Kinexus Bioinformatics is launching two new protein kinase microarray products based on data generated using its kinase substrate prediction algorithm.

The first, which Kinexus president and chief scientific officer Steven Pelech told ProteoMonitor will be released as an in-house service next week, is a peptide microarray for determining optimal peptide substrates for given protein kinases.

The second product, which the company aims to release in the next six months, is a peptide microarray designed to measure the activity of protein kinases in crude cell lysate.

Kinexus plans to offer that array in a chip-based format, marking the firm's entry into the microarray product business after having operated mainly as a service provider since its launch more than a decade ago.

"Over the last twelve years we've been a services company, primarily offering proteomics services, Pelech said. "And over the last two or three years we've been doing a lot more on the bioinformatics front. The next step is products."
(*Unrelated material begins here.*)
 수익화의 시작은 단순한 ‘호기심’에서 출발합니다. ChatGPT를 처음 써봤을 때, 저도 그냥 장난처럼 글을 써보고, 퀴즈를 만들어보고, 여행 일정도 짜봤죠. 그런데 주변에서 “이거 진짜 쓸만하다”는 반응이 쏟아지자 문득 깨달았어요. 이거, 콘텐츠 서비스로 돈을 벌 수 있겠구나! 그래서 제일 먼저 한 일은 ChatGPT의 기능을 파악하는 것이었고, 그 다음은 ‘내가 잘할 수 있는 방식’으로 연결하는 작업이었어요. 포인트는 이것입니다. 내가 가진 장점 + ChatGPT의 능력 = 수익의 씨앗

The coming slate of offerings, which, according to Pelech, will also include the antibodies, protein kinases, and peptides used in the company's arrays, largely arose from the bioinformatic work the firm has focused on over the last several years.
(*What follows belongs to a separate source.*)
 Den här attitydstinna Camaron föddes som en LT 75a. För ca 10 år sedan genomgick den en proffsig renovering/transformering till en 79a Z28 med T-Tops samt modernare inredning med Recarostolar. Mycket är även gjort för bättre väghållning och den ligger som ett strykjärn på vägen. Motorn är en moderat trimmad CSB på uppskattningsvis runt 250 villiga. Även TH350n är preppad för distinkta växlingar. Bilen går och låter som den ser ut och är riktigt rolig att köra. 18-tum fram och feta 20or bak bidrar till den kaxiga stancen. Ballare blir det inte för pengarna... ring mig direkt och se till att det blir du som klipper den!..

In June, Kinexus announced that, in collaboration with researchers in the Mathematics of Information Technology and Complex Systems groups at the University of British Columbia and Simon Fraser University, it had developed an algorithm to predict which protein kinases are most likely to target a given phosphorylation site. The development has allowed the company to match kinases to the human proteome's presently known 92,000 human phosphorylation sites (PM 06/11/2010).

Since then, Kinexus and its research partners have developed another algorithm, this one for predicting putative phosphorylation sites across the human proteome's 22,000-plus proteins. With this algorithm they've predicted 650,000 phosphorylation sites, ranking for each the 50 protein kinases most likely to phosphorylate them.

The new peptide array products stem from Kinexus' efforts to experimentally verify these algorithms' predictions, which are available in the company's open-access PhosphoNET database along with additional information including evolutionary analyses of cross-species phospho-site conservation.

"Our prediction algorithm allows us to predict [substrate] specificities for protein kinases, but the question is, how do you know it's really working?" Pelech said. "We trained our algorithm using known [substrate] consensus sequences, but how do you establish that [it works] for kinases that you've never tested before?"

To solve that problem, Kinexus built the peptide arrays it plans to launch next week, generating synthetic peptides that correspond to the predicted optimal substrate sequence for each of the 500 kinases and putting them in a microarray.

They then took the protein kinases of interest and ran them on the array to see which peptides they phosphorylated, and at what levels.

Using that data, the company takes the peptides "where we get the best phosphorylation by the kinase," Pelech said. "When we align those sequences we can then derive a consensus sequence of what [substrate] that kinase is looking for – not by prediction, but by actual in vitro experimental data."

The company has run 25 protein kinases on the system and is in the process of running 100 more, after which it plans to publish its results. Thus far, Pelech said, the microarray-generated consensus sequences have matched the algorithmically predicted sequences more closely than the original consensus sequences generated through literature searches.

"The reason for that is that when you get the data from the scientific literature of what might be substrates, there's no quantification of that data – it's simply, 'Is this a substrate or not?'" he said. "Most of the substrates that have been reported in the literature are not necessarily good substrates, so your datasets are populated with data that actually dilutes out some of your important substrates."

Pelech said he envisions the assay will be useful for academic labs interested in studying particular protein kinases as well as pharmaceutical companies doing kinase-inhibitor research. The service will cost around $750 for four proteins, he said.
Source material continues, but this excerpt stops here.